Question for the paper: f^hat(p)
Very impressive work! I have a question of how to compute the f^hat(p) in your paper.
According to my understand, f^hat(p) is the difference of the depth of point p and the depth of the ray (p is on this ray) with current training pose. However, this depth difference is not the definition of the SDF, also there is one case that this operation could not handle.
Suppose there are two Guassians, g1, g2. So the sdf of p should be the red line, right? For a pose, which is O, the f^hat(p) according to the paper, should be the green line.

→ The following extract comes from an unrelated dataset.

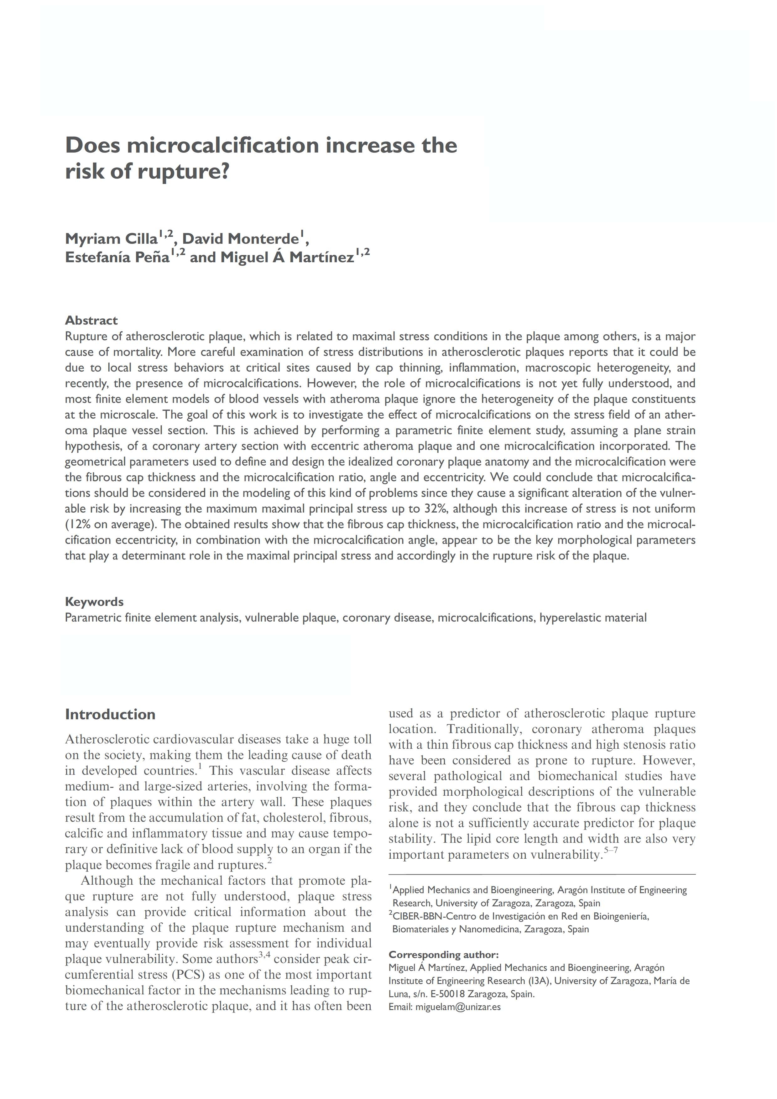 Resumen: Rupture of atherosclerotic plaque, which is related to maximal stress conditions in the plaque among others, is a major cause of mortality. More careful examination of stress distributions in atherosclerotic plaques reports that it could be due to local stress behaviors at critical sites caused by cap thinning, inflammation, macroscopic heterogeneity, and recently, the presence of microcalcifications. However, the role of microcalcifications is not yet fully understood, and most finite element models of blood vessels with atheroma plaque ignore the heterogeneity of the plaque constituents at the microscale. The goal of this work is to investigate the effect of microcalcifications on the stress field of an atheroma plaque vessel section. This is achieved by performing a parametric finite element study, assuming a plane strain hypothesis, of a coronary artery section with eccentric atheroma plaque and one microcalcification incorporated. The geometrical parameters used to define and design the idealized coronary plaque anatomy and the microcalcification were the fibrous cap thickness and the microcalcification ratio, angle and eccentricity. We could conclude that microcalcifications should be considered in the modeling of this kind of problems since they cause a significant alteration of the vulnerable risk by increasing the maximum maximal principal stress up to 32%, although this increase of stress is not uniform (12% on average). The obtained results show that the fibrous cap thickness, the microcalcification ratio and the microcalcification eccentricity, in combination with the microcalcification angle, appear to be the key morphological parameters that play a determinant role in the maximal principal stress and accordingly in the rupture risk of the plaque. Idioma: Inglés DOI: 10.1177/0954411913479530 Año: 2013 Publicado en: PROCEEDINGS OF THE INSTITUTION OF MECHANICAL ENGINEERS PART H-JOURNAL OF ENGINEERING IN MEDICINE 227, 5 (2013), 588-599 ISSN: 0954-4119 Factor impacto JCR: 1.144 (2013) Categ. JCR: ENGINEERING, BIOMEDICAL rank: 53 / 75 = 0.707 (2013) - Q3 - T3 Financiación: info:eu-repo/grantAgreement/ES/MINECO/DPI2010-20746-C03-01 Tipo y forma: Artículo (PostPrint) Área (Departamento): Área Mec.Med.Cont. y Teor.Est. (Dpto. Ingeniería Mecánica)

Is there something that I am missing? Thanks for the great work, again.
Hello @SeanGuo063,
Thank you so much for your nice words!
You're right, in practice, $\hat{f}$ is just an estimator of the real SDF, so there may be cases where $\hat{f}$ is not accurate, such as the one you mentioned. However, in the case of Gaussian Splatting, depth maps are computed using Gaussian splats facing the camera (which is equivalent to saying the surface is made of small surface elements facing the camera), so using this estimator makes sense in the end. However, you should just see this SDF loss as a regularization tool that helps 3D Gaussian blobs not only align with the real surface, but also face cameras on average (which better regularizes the background than the simpler density loss we describe in the paper).

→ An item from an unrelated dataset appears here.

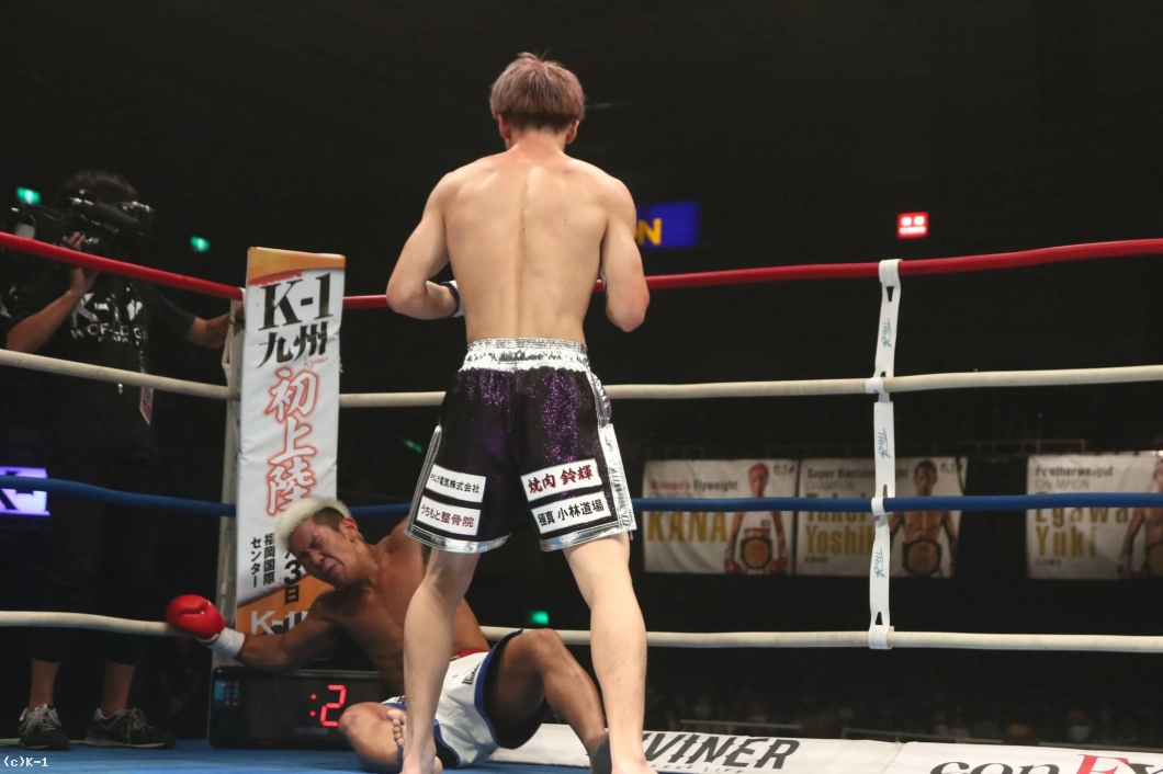 永井は勢いを増し、ロープを背負った梨緒弥に打ち下ろしの右ストレートでダウンを追加しラウンドを終える。
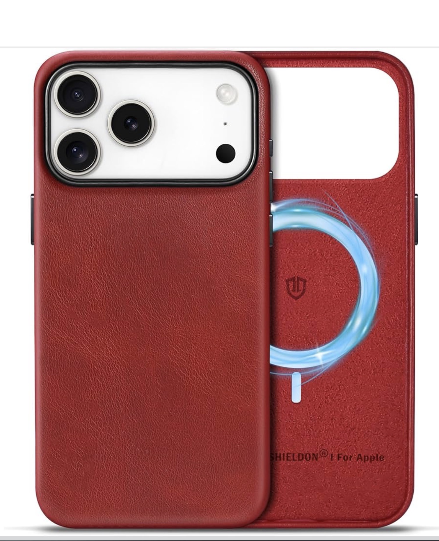 SHIELDON Genuine Leather Case for iPhone 17 Pro Max 6.9 Inch 2025 | Magnetic Wireless Charging, Slim Fit, Non-Slip, Shockproof Protective Phone Cover with Metal Buttons & Camera Bump Frame - Retro Red https://a.co/d/83tN9pS

Please let me copy/paste part of my answer to a previous issue about a similar question:
Question: For Fig.5, why can we compute f(p) by computing the difference between the depth of p's projection and the true depth of p?

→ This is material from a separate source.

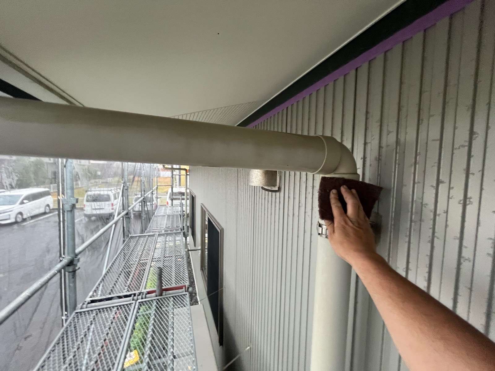 塗装前に 表面の浮き・ザラザラとした手触りの箇所 逆にツルツルし過ぎる箇所等を研磨したり、金属部のサビを除去いたします。
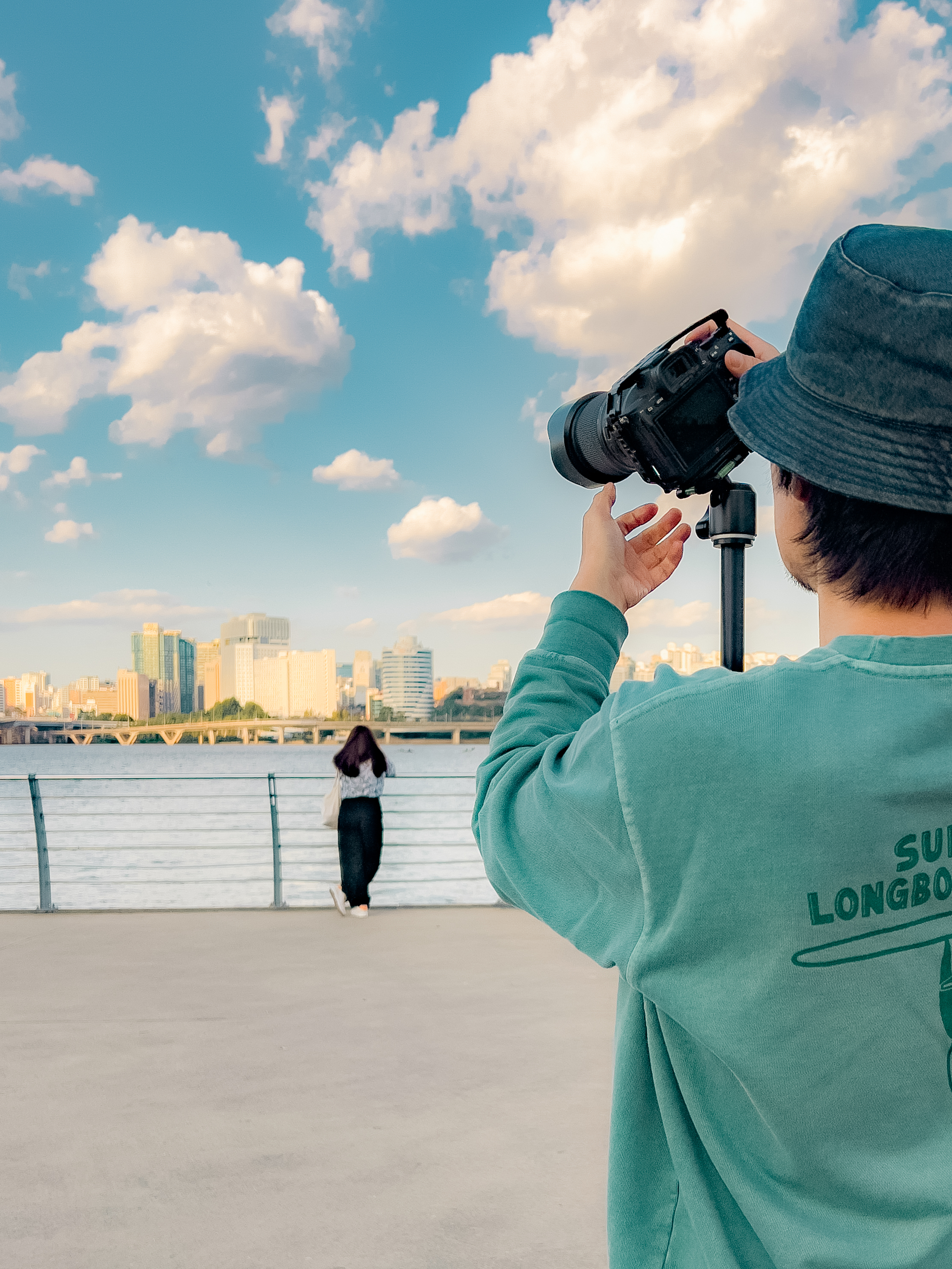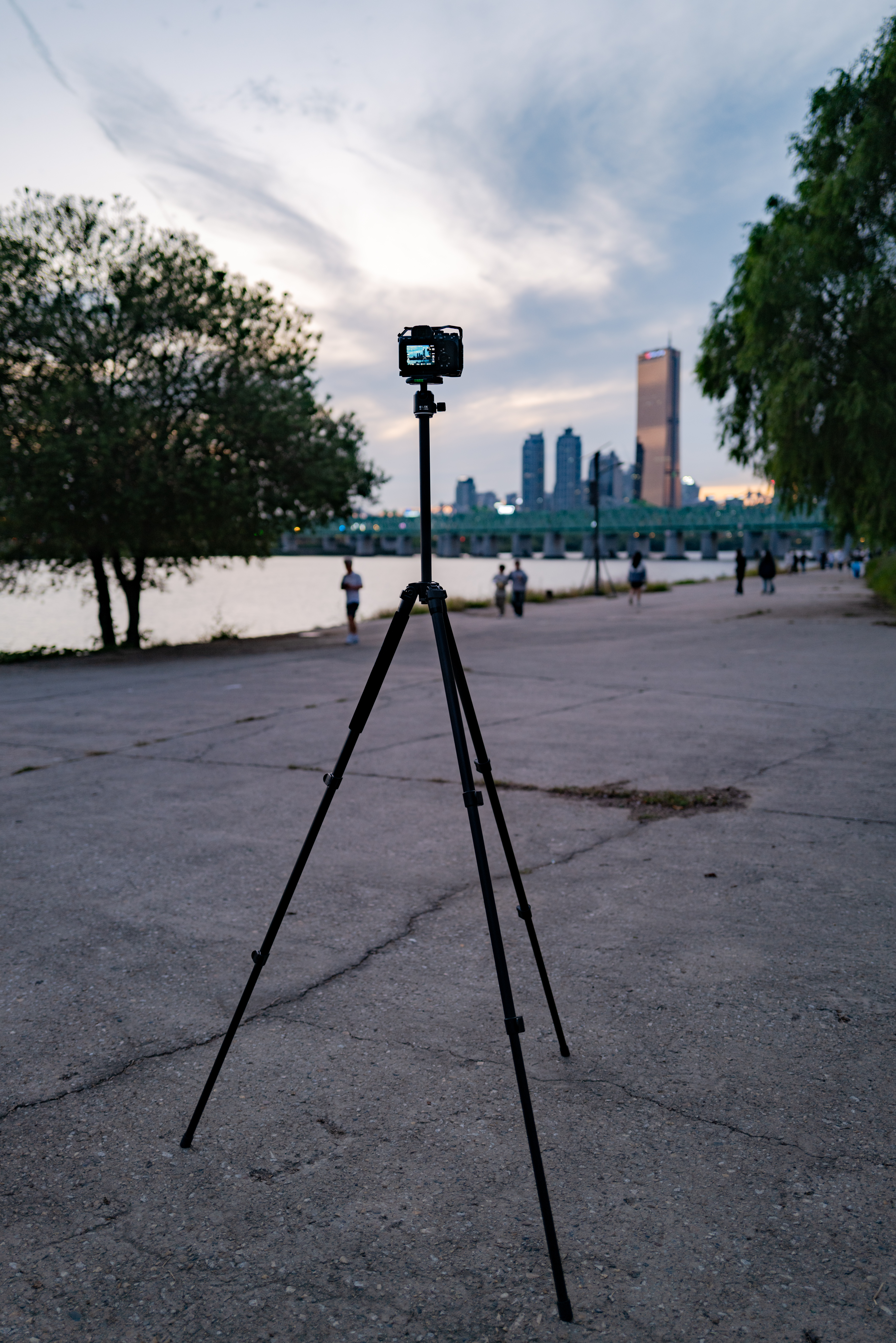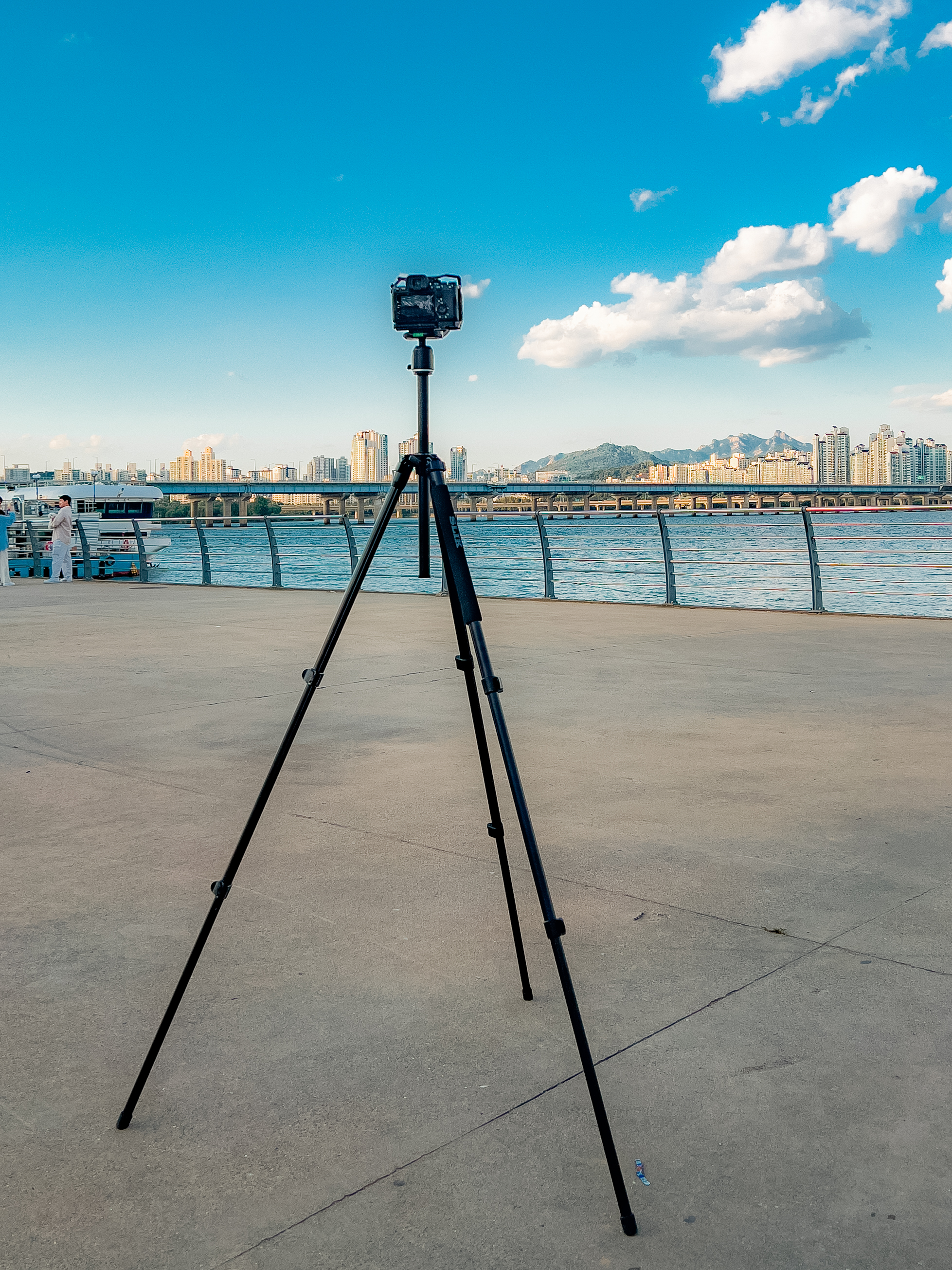 그간 여행하며 전망대나 공원 난간 앞에서 소형 삼각대를 어떻게 조금이라도 더 늘릴 수 있을지 고민한 시간이 많았는데 슬릭 ABLE 413b은 그런 고민없이 센터컬럼만 쭉 뽑아도 난간을 가뿐히 뛰어 넘습니다. 카메라 화면을 보기 위해 까치발을 들어야 할 정도로 높았어요. 낑낑대며 들고 온 보람이 있던 순간이었습니다. 사실 제가 사용 중인 카본 소재의 경량 삼각대의 무게가 1.1kg이니 둘의 차이는 약 500g인데 사용 중인 삼각대의 최대 높이가 늘 아쉬운 분이라면 어느정도 감내할 만한 차이일 수도 있겠다 싶습니다. 물론 접었을 때의 부피 차이는 꽤 나지만요.

The estimator $\hat{f}(p)$ is a rough approximation of what would be the real SDF associated with the current scene. But this approximation makes sense in the context of "splatted" depth maps. Let me explain.
For a camera $c$ during optimization, we compute a depth map using the Gaussian Splatting rasterizer. This depth map is not perfectly true, as Gaussians are converted to flat splats facing the camera during rasterization. But still, it is a good approximation: we suppose that the depth map describes well the surface of the scene, as seen by the current camera.
Let's consider a point $p$ sampled using the product of all Gaussian distributions (for gaussians inside the field of view of $c$); since most Gaussians are very small, this point $p$ is likely to be located near the real surface of the scene. Consequently, the SDF value of $p$, i.e. its distance to the surface, should be equal to the distance between $p$ and the surface observed in the depth map, i.e. the distance between $p$ and the surface point that is the closest to $p$; let's call this point $q$. To approximate this distance $|p-q|$, we choose as $q$ the 3D point that corresponds to the projection of $p$ in the depth map.
Why do we do that? Because the depth map is "splatted", the surface observed in the depth map is approximately composed of small surface elements facing the camera (in practice the Gaussian functions smooth things, but still). Therefore, the point $q$, which is the surface point that is the closest to $p$, is likely to be the point located on the same ray/line of sight than $p$, i.e. the points that has the same projection as $p$ in the depth map.
This last point is a little tricky, but still, you should just see all this as a regularization tool on the density that allows for involving depth regularization (as we compute $\hat{f}$ usind the depth). It also encourages the Gaussians not only to align with the surface, but also to face the camera poses on average, which is a useful prior for regularizing the background.
I hope this answers well your question!